A realidade tem um hábito teimoso de se impor sobre qualquer narrativa, por mais bem construída que ela seja. Na semana passada, assistimos a um episódio que ilustra perfeitamente o conflito entre o que a velha imprensa divulga e o que de fato acontece nos bastidores do poder. O cenário era Buenos Aires, capital da Argentina. O evento, um encontro jurídico de peso — apelidado ironicamente nos corredores de "Gilmar Palooza" — realizado entre os dias 5 e 7 de novembro de 2025. A promessa era a presença estelar do ministro Alexandre de Moraes. Mas, para a surpresa de quem ainda acredita cegamente nas manchetes oficiais, a cadeira reservada a ele permaneceu vazia.
Vamos aos fatos, com a precisão técnica que o caso exige. A programação oficial do evento na Faculdade de Direito da Universidade de Buenos Aires era explícita. No dia 7 de novembro, às 15 horas, Alexandre de Moraes deveria palestrar sobre "Jurisdição Constitucional e Proteção da Democracia em Tempos de Crise". Revistas e jornais do consórcio tradicional confirmaram sua ida, publicaram fotos e criaram expectativa. Estava tudo desenhado para mais um daquelas falas habituais sobre a defesa da democracia, que muitas vezes servem de cortina de fumaça para justificar atos questionáveis em solo nacional.
No entanto, quando chegou a hora H, a realidade bateu à porta. Moraes não apareceu. Não houve foto, não houve discurso, não houve sequer uma nota oficial convincente explicando a ausência. Quem subiu ao palco para falar sobre o tema foram outros juristas, como Marcos Abraão e Humberto Dalla. O homem que, no Brasil, demonstra ter o controle absoluto da caneta, parece ter calculado que atravessar a fronteira, neste momento, é um risco que não vale a pena correr.
O que teria motivado essa mudança brusca de planos? A análise fria dos dados nos aponta para um fator externo que muitos insistem em ignorar: a Lei Magnitsky. Para quem não está familiarizado, trata-se de uma legislação global que permite sanções econômicas severas contra violadores de direitos humanos. O ministro já sente os reflexos disso. Há informações circulando de que ele precisou realizar movimentos financeiros atípicos recentemente, como a compra às pressas de um imóvel de luxo em Brasília, avaliado em 12 milhões de reais. Quem entende de mercado sabe: imobilizar capital dessa forma, e com tamanha urgência, é sintoma clássico de quem teme ter seus ativos líquidos congelados ou rastreados internacionalmente.
Existe ainda a variável geopolítica local. A Argentina de Javier Milei não é terreno amigável para quem flerta com o autoritarismo judicial. Embora existam acordos no Mercosul e passaportes diplomáticos, a soberania de um país permite que a entrada de qualquer estrangeiro seja barrada na imigração. Será que o ministro teve receio de passar pelo constrangimento de ser impedido de entrar? Ou, pior, de ser notificado judicialmente por processos que correm no exterior? O medo — ou, para ser mais coloquial, o fato de ter "medrado" — parece ser a explicação mais lógica para quem analisa o cenário sem as lentes da ideologia.
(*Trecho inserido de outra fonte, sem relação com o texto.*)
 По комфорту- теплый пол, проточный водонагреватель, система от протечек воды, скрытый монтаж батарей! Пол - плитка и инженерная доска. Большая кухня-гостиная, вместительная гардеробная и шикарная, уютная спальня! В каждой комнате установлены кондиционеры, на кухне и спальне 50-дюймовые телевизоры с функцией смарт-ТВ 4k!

Enquanto Gilmar Mendes e outros nomes do judiciário marcavam presença, a ausência de Moraes gritava. É curioso observar como a imprensa, que costuma repercutir cada vírgula dita pelo ministro, silenciou sobre seu não comparecimento. Ninguém perguntou onde ele estava. Fingiram normalidade, como se o cancelamento de uma participação internacional de alto nível fosse algo trivial.
Para não enxergar o óbvio, parece que falta uma "pecinha" na cabeça de alguns analistas. A atitude de Moraes demonstra que o cerco internacional está se fechando. No Brasil, o sistema pode blindar, proteger e justificar o injustificável. Mas, da fronteira para fora, as regras são outras. Bancos europeus e americanos não brincam com sanções. Eles não vão arriscar multas milionárias para proteger contas de autoridades brasileiras questionadas globalmente.
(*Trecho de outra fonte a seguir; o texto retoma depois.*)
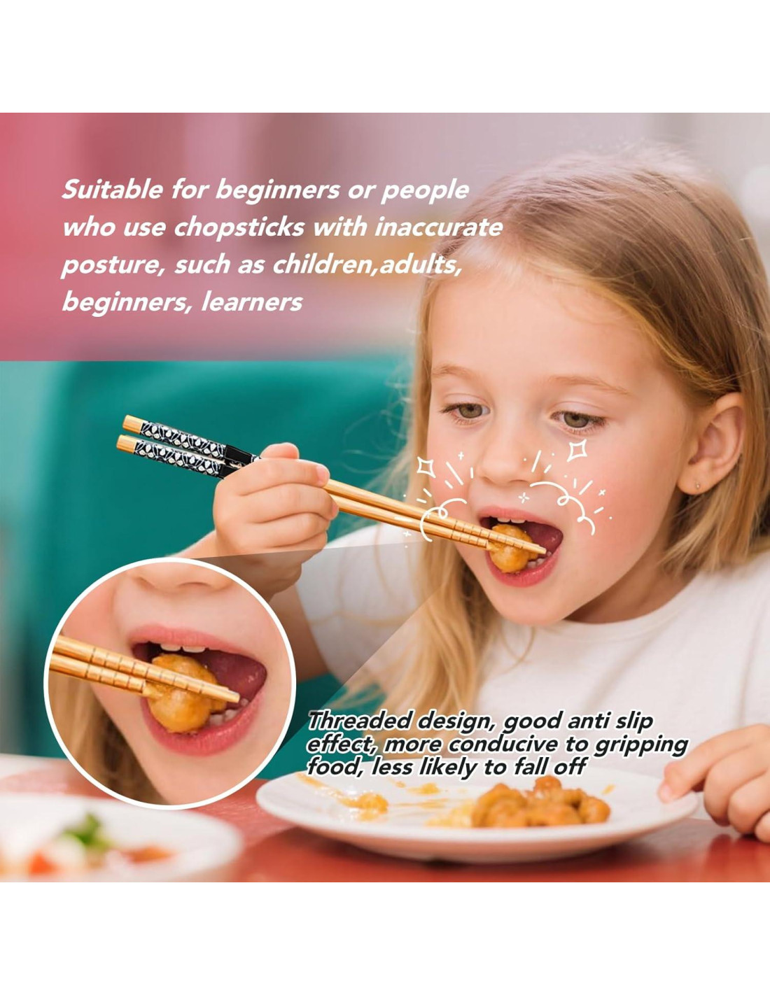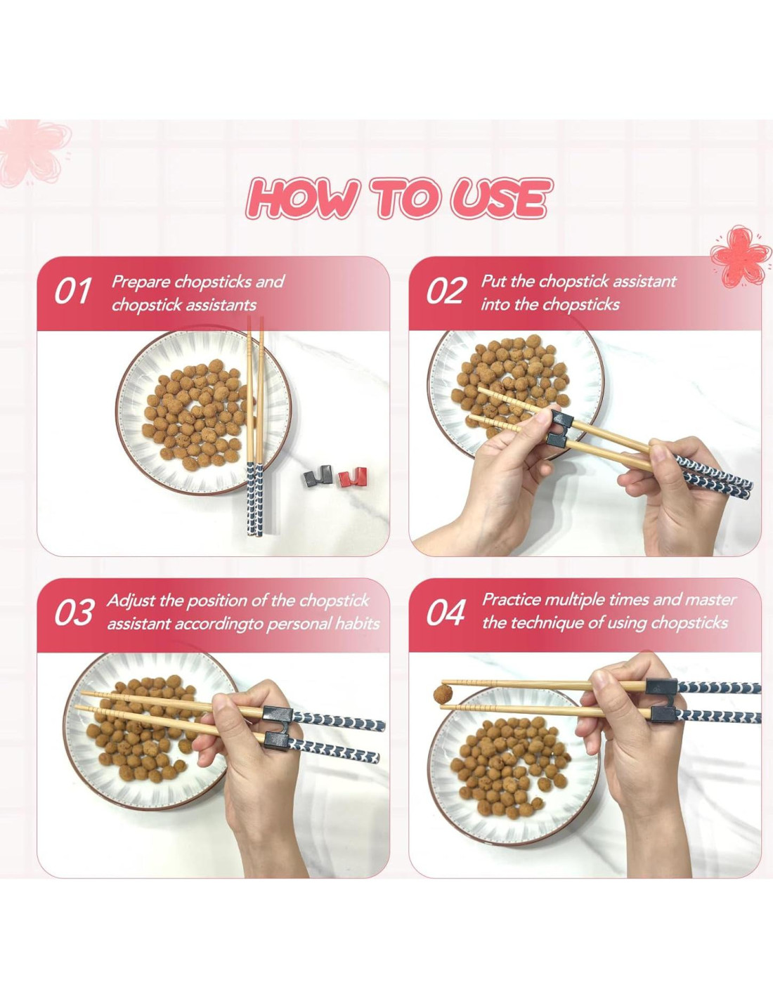 - Fácil de aprender y entrenar: Según el diagrama de operación, ajusta la altura del ayudante de palillos de acuerdo a los hábitos personales, puedes usar los palillos fácilmente para recoger alimentos como sushi, fideos, arroz, dumplings, hot pot. Puedes adquirir las habilidades para usar palillos y construir confianza al mismo tiempo.

O Brasil precisa voltar aos trilhos da normalidade institucional. Não podemos ser um país onde autoridades temem viagens internacionais enquanto cidadãos comuns temem opinar nas redes sociais. A segurança jurídica e a liberdade são inegociáveis. O isolamento de Moraes em território nacional é um sintoma de que a comunidade internacional já percebeu o que está acontecendo por aqui. A nós, cabe continuar expondo a verdade, baseados em fatos e não em narrativas de ocasião. A liberdade não se pede, se conquista com vigilância e coragem para dizer o que precisa ser dito.